# NOTEBOOK 2: Data Exploration

## Imports libraries for data exploration

In [None]:
from snowflake.snowpark.session import Session
import snowflake.snowpark.functions as F
import snowflake.snowpark.types as T
from snowflake.snowpark import version
import pandas as pd
import matplotlib.pyplot as plt
import seaborn as sn
import numpy as np
import sys
sys.path.append('..')
from utilities.creds import Credentials
from snowflake.snowpark import version
print(version.VERSION)

%matplotlib inline

## Create Snowpark Session

In [None]:
session = Session.builder.configs(Credentials().__dict__).create()

session.use_role("LEARNINGSNOWPARKROLE")
session.use_database("SCIKIT_LEARN")
session.use_schema("SCIKIT_LEARN.PUBLIC")
session.use_warehouse("LEARNINGSNOWPARKVW")

print(session.sql('select current_warehouse(), current_database(), current_schema()').collect())

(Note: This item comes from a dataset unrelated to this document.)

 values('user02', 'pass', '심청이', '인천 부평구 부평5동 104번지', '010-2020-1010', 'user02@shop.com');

## Pandas DataFrames compared to Snowpark DataFrames

This section showcase the differences between using a Pandas Dataframe (data in memory on client machine) and a Snowpark DataFrame (data in Snowflake)

In [None]:
# Creating a Pandas DataFrame
pandas_df = pd.read_csv('datasets/housing/housing.csv')
print(type(pandas_df))

In [None]:
# Creating a Snowpark DataFrame
snowpark_df = session.table('HOUSING_DATA')
print(type(snowpark_df))

Since a Snowpark DataFrame does not contain any dayta, ie only a "pointer" to data in Snowflake, the memory used by it on the client side is minimum.

In [None]:
# Compare size
print('Size in MB of Pandas DataFrame in Memory:\n', np.round(sys.getsizeof(pandas_df) / (1024.0**2), 2))
print('Size in MB of Snowpark DataFrame in Memory:\n', np.round(sys.getsizeof(snowpark_df) / (1024.0**2), 2))

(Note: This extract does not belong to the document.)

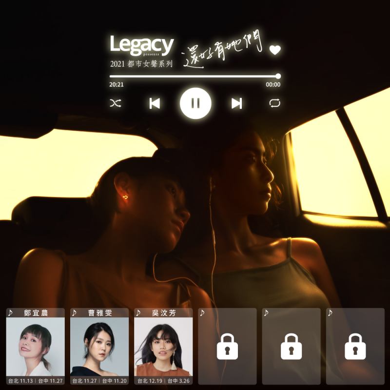 每年Legacy都市女聲都是樂迷最期待的演唱會系列,今年公開前三位陣容,包含鄭宜農、曹雅雯、吳汶芳。剛以專輯《自本》拿下金曲歌后的曹雅雯首次登上都市女聲的舞台,將帶給樂迷一系列「Chill」意濃濃的台語作品。

A Snowpark DataFrame can be easily converted to a Pandas DataFrame by using the **to_pandas** method, this will cause the data to be pulled back from Snowflake and loaded into the client memory

In [None]:
# Converting a Snowpark DataFrame to Pandas DataFrame
pandas_df_from_snowflake = snowpark_df.to_pandas()

In [None]:
pandas_df.shape, pandas_df_from_snowflake.shape

To have a peak of the data that a Snowpark DataFrame is representing **show** function can be used

In [None]:
snowpark_df.show()

Looking at the queries will show us what is actual keept in the client memmory, the SQL needed to return the data accordingly to our DataFram defenition.

In [None]:
snowpark_df.queries

The Snowpark DataFrame API supports multiple ways to select specific columns

In [None]:
# Select specific columns
snowpark_df_subset = snowpark_df.select('HOUSING_MEDIAN_AGE','TOTAL_ROOMS','TOTAL_BEDROOMS','HOUSEHOLDS','OCEAN_PROXIMITY')
snowpark_df_subset.show()

In [None]:
# pandas-like syntax for column selection from Snowflake dataframe
snowpark_df_subset = snowpark_df[['HOUSING_MEDIAN_AGE','TOTAL_ROOMS','TOTAL_BEDROOMS','HOUSEHOLDS','OCEAN_PROXIMITY']]
snowpark_df_subset.show()

In [None]:
snowpark_df_subset.queries

**with_column** function can be used to add a new column to a Snowpark DataFrame (with_columns allows us to add multiple at the same time)

In [None]:
snowpark_df_new_col = snowpark_df_subset.with_column('BEDROOM_RATIO', F.col('TOTAL_BEDROOMS') / F.col('TOTAL_ROOMS'))
snowpark_df_new_col.show()

In [None]:
snowpark_df_new_col.queries

To remove a column from a Snowpark DataFrame **drop** function can be used

In [None]:
snowpark_df_drop_col = snowpark_df_new_col.drop('BEDROOM_RATIO')
snowpark_df_drop_col.show()

To filter (select rows) from a Snowpark DataFrame **filter** or **where** can be used

In [None]:
snowpark_df_filtered = snowpark_df_drop_col.filter(F.col('OCEAN_PROXIMITY').in_(['INLAND','ISLAND', 'NEAR BAY']))
snowpark_df_filtered.show()

In [None]:
snowpark_df_filtered.queries

To to aggregation of the data in a Snowpark DataFrame **group_by** and **agg** can used

In [None]:
# Aggregate data
snowpark_df_agg = snowpark_df_filtered.group_by(['OCEAN_PROXIMITY']).agg([F.avg('HOUSEHOLDS').as_('AVG_HOUSEHOLDS')])
snowpark_df_agg.show()

The returned result for a Snowpark DataFrame can be sorted using **sort**

In [None]:
snowpark_df_sorted = snowpark_df_agg.sort(F.col('AVG_HOUSEHOLDS').asc())
snowpark_df_sorted.show()

## Data Preprocessing using Scikit

Let's start by getting some basic understanding of our data.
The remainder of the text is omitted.